Right, so what is or was, is it changing in 18 but it was a hard-coded limit, right?
16 you mean this for fast path? Also as far as you, sizes are now configurable in, I think in 17 already.
Well, nice, good, but not always enough because, okay, you can buy some time, but still there
is a cliff and if you're not far from it, again, boom.
Or this, I recently saw it, like remember we discussed 4 million transactions per second.
We discussed that we first we found PgSATK cache was an issue, was fixed, and then PgSAT
statements.
Okay, PgSAT statements, if the transactions are super fast, it's bringing observer effect.
We see it in newer Postgres versions as LW log PgSAT statements, because finally code is covered by proper probes,
right?
Not probes, it's wrapped and it's visible in weight event analysis observing PgSAT activity.

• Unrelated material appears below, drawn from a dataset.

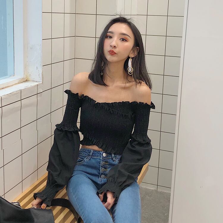 レースクロスワンショルダーソリッド カラースリーブショートトップス ソリッドカラー YY-ファッション54546721738

So I saw it recently at one customer, you know, like some layer of lightweight log PgSAT
statements.
So we need to discuss what's happening.
It happens only when you have a lot of very fast queries, but it can be a problem as well.
But yeah, and performance cliffs.
It requires some practice to understand where they are.
It's hard because you need to understand how to
measure usage, how to understand like saturation risks.
This requires some practice.
I think this is one of the hardest ones to see coming.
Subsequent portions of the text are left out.